Mas, o que seria esta última, a “dor crônica de alto impacto” (DCAI), da qual pouca gente ouviu falar?

É uma dor severa a ponto de incapacitar a pessoa.

Cerca de 83% dos adultos com DCAI não conseguem trabalhar e um terço têm dificuldade para se lavar e se vestir. Fora isso, os transtornos mentais como ansiedade, depressão, fadiga e dificuldade cognitiva se agudizam, e a dor se torna mais intensa. E como a saúde piora, os serviços de saúde passam a ser usados com frequência. Em suma, a qualidade de vida fica reduzidíssima.

E qual é o setor da população mais atingido por essa dor com nome de gasolina de Fórmula 1? Você adivinhou: o dos idosos. Ou 20% da população brasileira, que supera os 60 anos.

Voltando ao artigo. O nome dele é: “Management of chronic pain in older adults” e foi publicado pelo British Medical Journal em 2015. Trata-se de um Guia preparado por três professores de medicina, dois deles ligados a Cornell University, nos EUA, e um terceiro, a University of Bath, na Inglaterra.

Logo no começo, uma recomendação singela:

“Todos os idosos com dor crônica devem ser submetidos a uma avaliação abrangente da dor geriátrica, visando identificar alvos para intervenção além do alívio da dor.”

Parece algo trivial, mas essa impressão é logo apagada pela assustadora lista de doenças associadas à dor crônica na idade avançada. Ela pode ser vista aqui .

À continuação, os autores do artigo comentam alguns aspectos da avaliação geriátrica abrangente que propõem. O exame físico do idoso, eles dizem, deve focar os sistemas musculoesquelético (há evidência de inflamação?) e neurológico (há evidência de fraqueza ou neuropatia?). E ter alvos de averiguação muito específicos, como o de distinguir fraqueza induzida pela dor da verdadeira fraqueza motora (previsível após os 60 anos).

Um questionário é fornecido para conduzir a entrevista com o paciente que precede o exame físico.

Quanto às imagens de diagnóstico, os três doutores não duvidam: exames do tipo se justificam tão somente se a história médica ou o exame físico revelar anomalias importantes. Em geral, eles são inúteis, descobrindo achados incidentais ou não relacionados à dor percebida, requerem mais testes, custam mais tempo e dinheiro, e deixam os idosos gratuitamente preocupados. (Trata-se de uma opinião que já é consenso em países como Estados Unidos, Alemanha e Austrália, mas inexistente no Brasil, onde é praxe o médico obrigatoriamente pedir exames de imagem sob pena de perder o paciente.)

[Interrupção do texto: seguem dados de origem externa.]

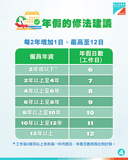 諮詢文本建議:在現時工作滿1年可獲6個工作日年假基礎上,每滿2年年資者年假日數增加1個工作日,最高年假為12個工作日。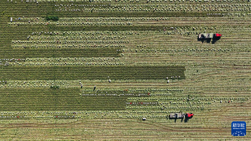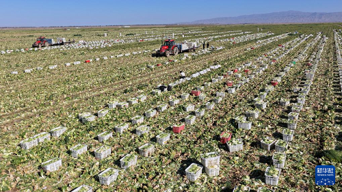 9月23日,菜農(nóng)在甘肅山丹馬場(chǎng)蔬菜基地里收獲蔬菜(無人機(jī)照片)。(新華社發(fā) 王超 攝)

Exames de imagem se justificam somente se a história médica ou o exame físico revelar anomalias importantes

Mais adiante no artigo são apresentadas também técnicas destinadas a facilitar a avaliação da dor em idosos com habilidades verbais ou cognitivas limitadas.  É sugerido começar incentivando e ouvindo com atenção o relato do paciente, enquanto o comportamento dele (expressões faciais, vocalizações, posturas defensivas) é observado à procura de pistas sobre a dor. Dados obtidos de membros da família completam o quadro.

Enfim, a minha ideia aqui não é reproduzir o artigo em questão, mas interessar você na sua leitura. Acabo de publicá-lo na íntegra e traduzido ao português, na seção ARTIGOS do blog.

Outras questões ali examinadas no Guia se referem a:

  • Diretrizes para o tratamento medicamentoso da dor crônica
  • Intervenções psicológicas disponíveis
  • Abordagens de reabilitação e exercício disponíveis
  • Quando os pacientes devem ser encaminhados para um especialista em dor?
  • Recursos educacionais adicionais
    1. Recursos para profissionais de saúde
    2. Recursos para pacientes


Eu penso que o Guia em pauta deveria ser leitura obrigatória para quem tem mais de 60 anos, ou pais preenchendo essa condição.

Você duvida?

Mal que eu lhe pergunte então: você e/ou eles periodicamente fazem uma avaliação geriátrica completa?

Não? Huuuuuum…., melhor ler aquele artigo, então.

Ahhh, e depois não se esqueça de divulgar – há 44 milhões de possíveis beneficiários na espreita.